Jack crept closer, very carefully. He was morally certain that the defenders held the ledge, but it would not do to make a mistake. Lives were at stake--one life much more precious than his own.

He drew his revolver and snaked forward. There was nothing else to do but take a chance. But he meant at least to minimize it, and certainly not to let himself be captured alive.

It was strange that nobody yet had challenged him. He was close enough now to peer into the darkness of the tunnel between the boulders and the wall. There seemed to be no one on guard.
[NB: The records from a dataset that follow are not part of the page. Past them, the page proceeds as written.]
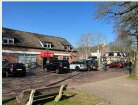
'Hart van Hierden'.

De gemeente Harderwijk ondertekent de intentieovereenkomst 'Hart van Hierden'. Gestreefd wordt naar een multifunctionele ontwikkeling van het dorps hart. Naast de gemeente zijn ook de buurtvereniging Hierden, de Hervormde kerk, zorggroep Noordwest-Veluwe, Careander, de stichting VCO (basisschool De Parel), de Spar Hierden, D. van den Brink, ZorgDat, Omnia Wonen en Medicamus betrokken.
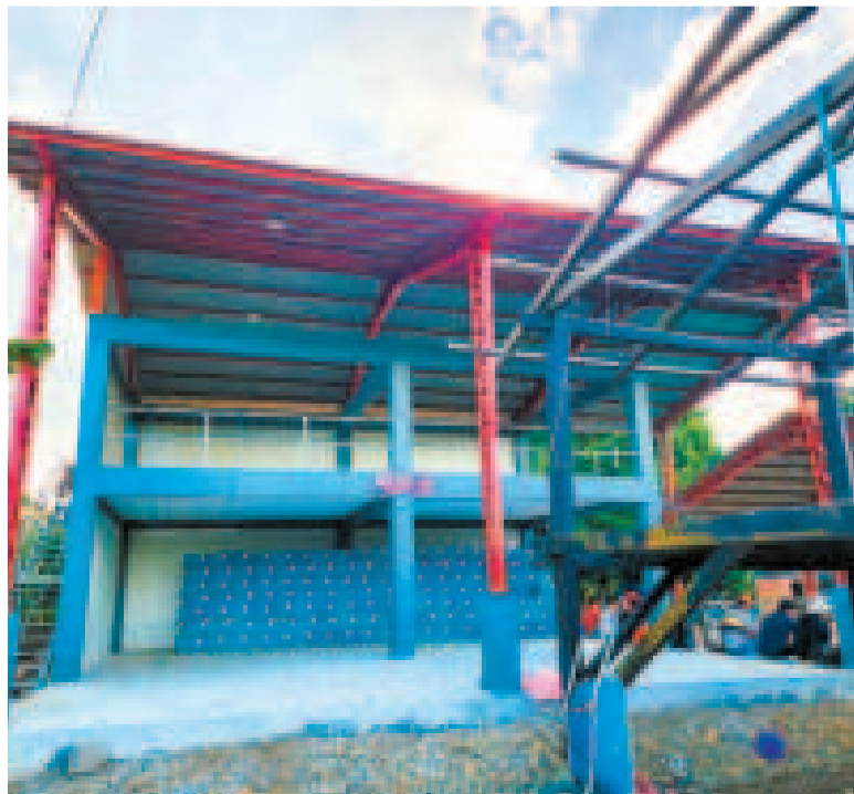
Esta entrega tiene una capacidad de empaque de mil cajas por día.
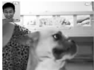
哼, 我一点都不想你
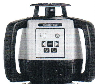
Leica Rugby 640
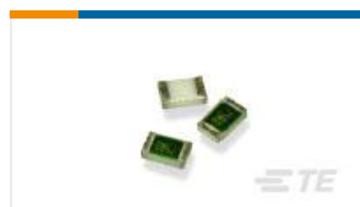
TE 产品编号1614883-1 CPF0805 100K 0.1% 25PPM 5K RL
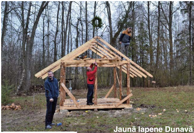
Jaunā lapene Dunavā
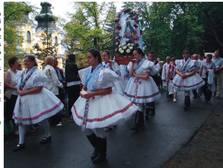
Máriás lányok a körmenetben

„Legyen mindig munkád, kezeid ne legyenek tétlenek. Erszényedben mindig rejtőzzön néhány pénzdarab. A napsugár találja meg mindig ablakodat! Légy biztos abban, hogy minden eső után kiderül az ég, és szívároány köszönt majd téged. Legyen közel hozzád mindig egy jó barát keze. És Isten töltse be szívedet derűvel és örömmel!”
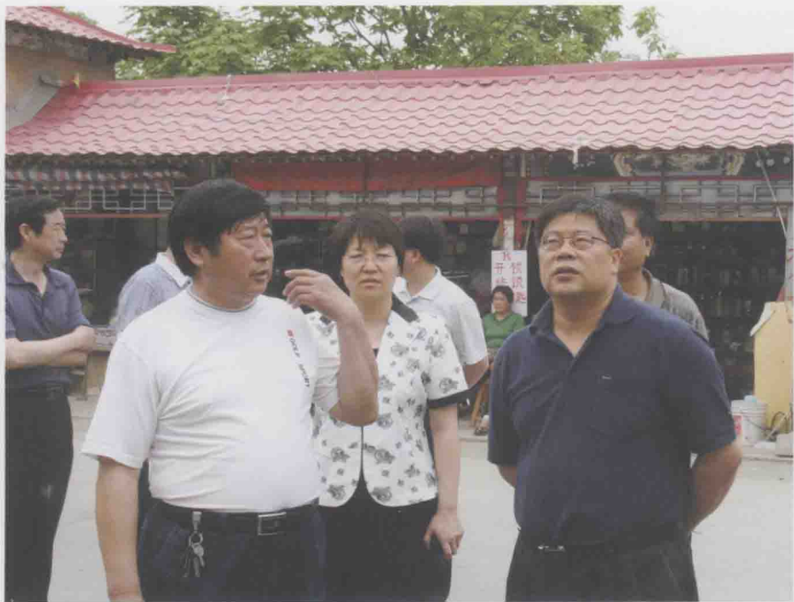
平谷区委书记邱水平调研创卫工作
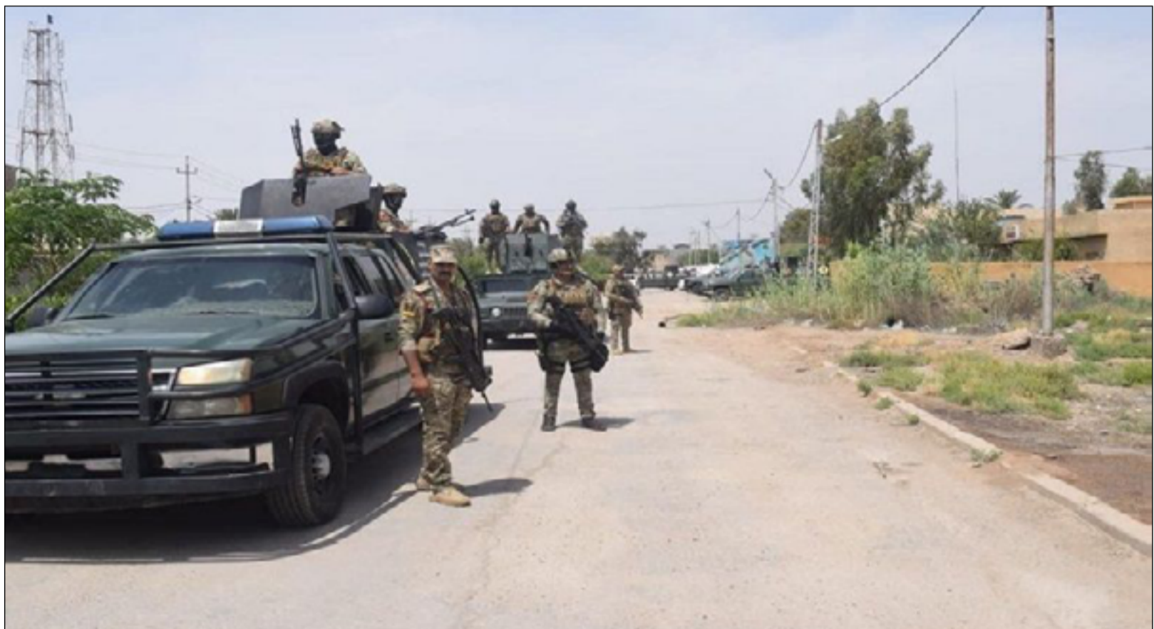
مجموعة من منتسبي شرطة محافظة ذي قار يمارسون نشاطات أمنية

القبض عليهم بقضايا مخدرات بلغ ٢٨ متهمًا فيما بلغ عدد الحكوميين بقضايا مخدرات ١٥ مداناً". وكانت قيادة شرطة ذي قار اعلنت في الثاني من حزيران الماضي حصيلة نصف شهرية بما حققته من عمليات أمنية في المحافظة من ١٦ - ٣١ ايار، تمثلت بـ"القبض ٣٢٩ مخالفاً و٤٠١ متهم، وحجز ٥٢٠ عجلة و٤٤٧ دراجة مخالفتها التعليمات والجراءات القانونية وتسجيل ١٥٩٩ غرامة مرورية".
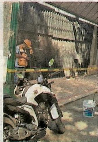
Frena la Gendarmería construcción de obras irregulares

Gracias a esta Gendarmería, fue detectada y denunciada la bodega donde robaban combustible de PEMEX, el pasado 23 de julio de 2019, en la Colonia Anáhuac, donde había 9 mil litros de gasolina.
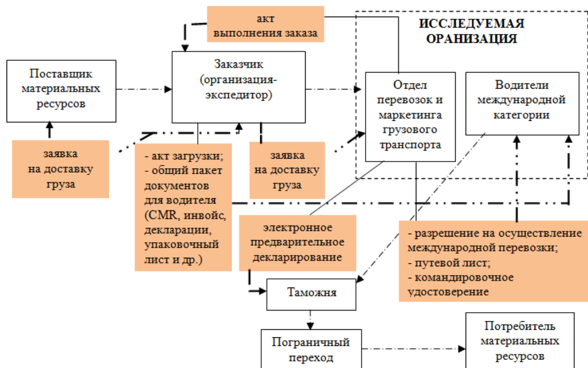
Рисунок 2. – Схема управления международными грузовыми автоперевозками в исследуемой организации: .....▶ движение материального потока; — · · · ▶ сопроводительные документы

Для определения процесса управления международными грузовыми автоперевозками в исследуемой организации, авторами разработана схема данного процесса, представленная на рисунке 2.
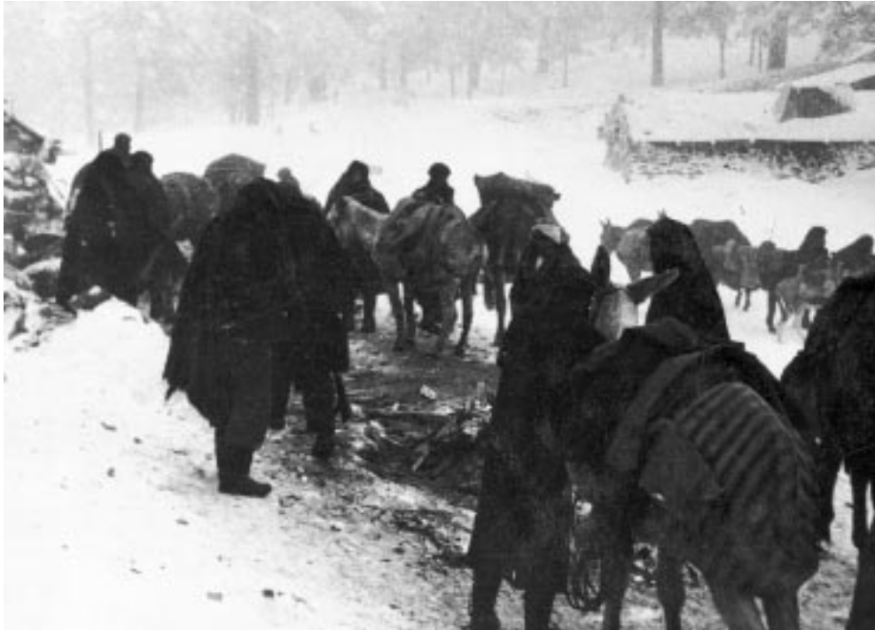
Figura 1. Columna de acemileros de la Primera División de Navarra en las inmediaciones de la ciudad de Teruel. Las condiciones meteorológicas fueron excepcionales durante la batalla, con temperaturas de hasta veinte grados centígrados bajo cero.

bataban la manta, era como si le firmasen su condena de muerte. Por las noches se apretujaban unos a otros, temblando, en busca de algo de calor 12 .
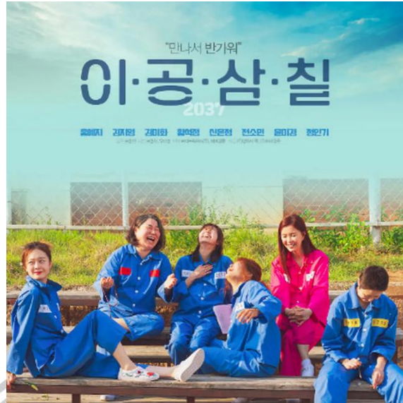
Gambar 1 Gambar 1.1 Poster Film Korea 2037
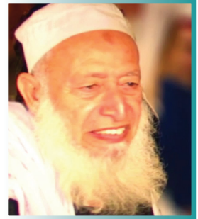
قاری عبدالکلیم رحمہ اللہ
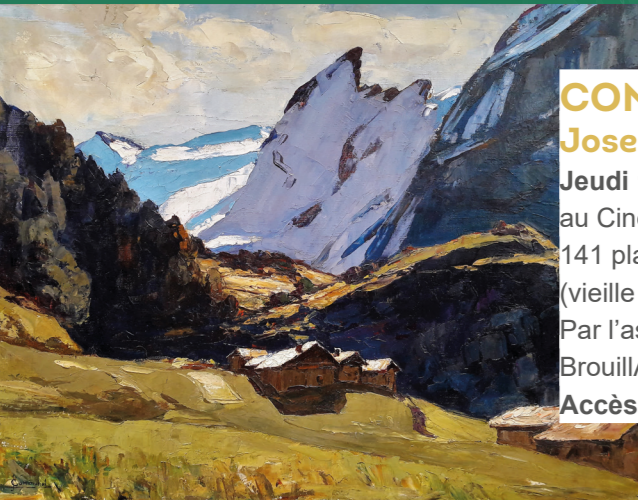
Joseph Communal, Pralognan , huile sur panneau, 70 x 92 cm, collection particulière.

L'artiste, membre de la Société des peintres de montagne, a peint les massifs et les vallées du Dauphiné jusqu'à la Savoie. Travaillant au couteau, sur toile ou sur panneau de bois, il sculpte la matière picturale jouant avec la lumière, parfois en clair-obscur. La gamme de couleur est très contrastée, parfois rutilante à l'image des couchers de soleil sur la montagne. Les visiteurs pourront découvrir les somptueux décors des Alpes ainsi que les paysages inspirés par ses voyages.
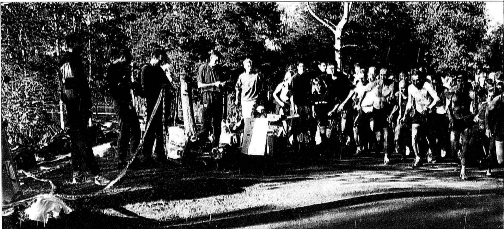
Høstlepp. Kjønn, alder eller fart spiller ingen rolle når trimglade samles ved Sognsvann hver onsdag.

Mario Zagallos, tidligere brasiliansk landslagstrener, hjerteproblemer er ikke så alvorlige som først antatt. 70-åringen fikk urolig hjerterytme under en tennisøkt tirsdag. Han vil trolig bli utskrevet fra sykehus onsdag. Zagallo vant VM som spiller i 1958 og 1962. Han trente Brasil til VM-gull i 1970 og var assistent i 1994. (NTB)
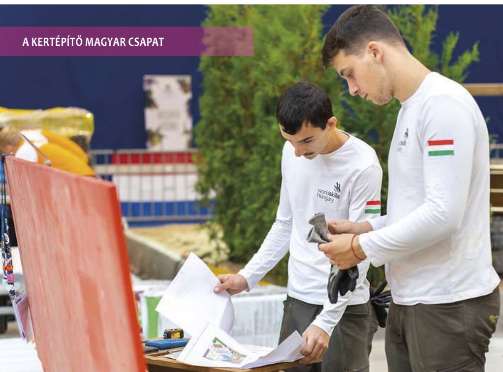
A KERTÉPÍTŐ MAGYAR CSAPAT

– Nagyon szeretem a munkám. A világbajnokság jó motiváció, azt is megmutatta, hogy még rengeteg a tanulnivalóm – tette hozzá.
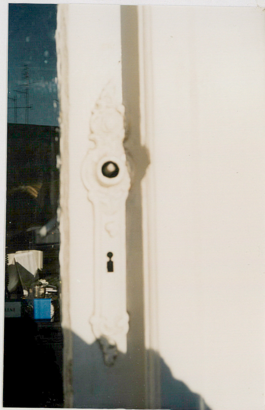
8. Okucie drzwi balkonowych na I piętrze

He crept forward to the last boulder, and his boot pressed against something soft lying on the ground. It moved. A white, startled face was lifted to his--a face that held only the darkness of despair.

He knelt, put down his revolver, and slipped an arm around the warm young body.

"Thank God!" he cried softly. He was trembling in every limb. Tears filled his voice. And over and over again he murmured, "Thank God!... Thank God!"

The despair in the white face slowly dissolved. He read there doubt, a growing certainty, and then a swift, soft radiance of joy and tears.

"I prayed for you, and you've come. God sent you to me. Oh, Jack, at last!"

Her arms crept round his neck. He held her close and kissed the sweet lips salt with tears of happiness.

He was ashamed of himself. Not since he had been a little boy had he cried till now. His life had made for stoicism. But tears furrowed down his lean, brown cheeks. The streak in him that was still tender-hearted child had suddenly come to the surface. For he had expected to find her dead at best; instead, her warm, soft body was in his arms, her eyes were telling him an unbelievable story that her tongue as yet could find no words to utter. There flamed in him, like fire in dead tumbleweeds, a surge of glad triumph that inexplicably blended with humble thankfulness.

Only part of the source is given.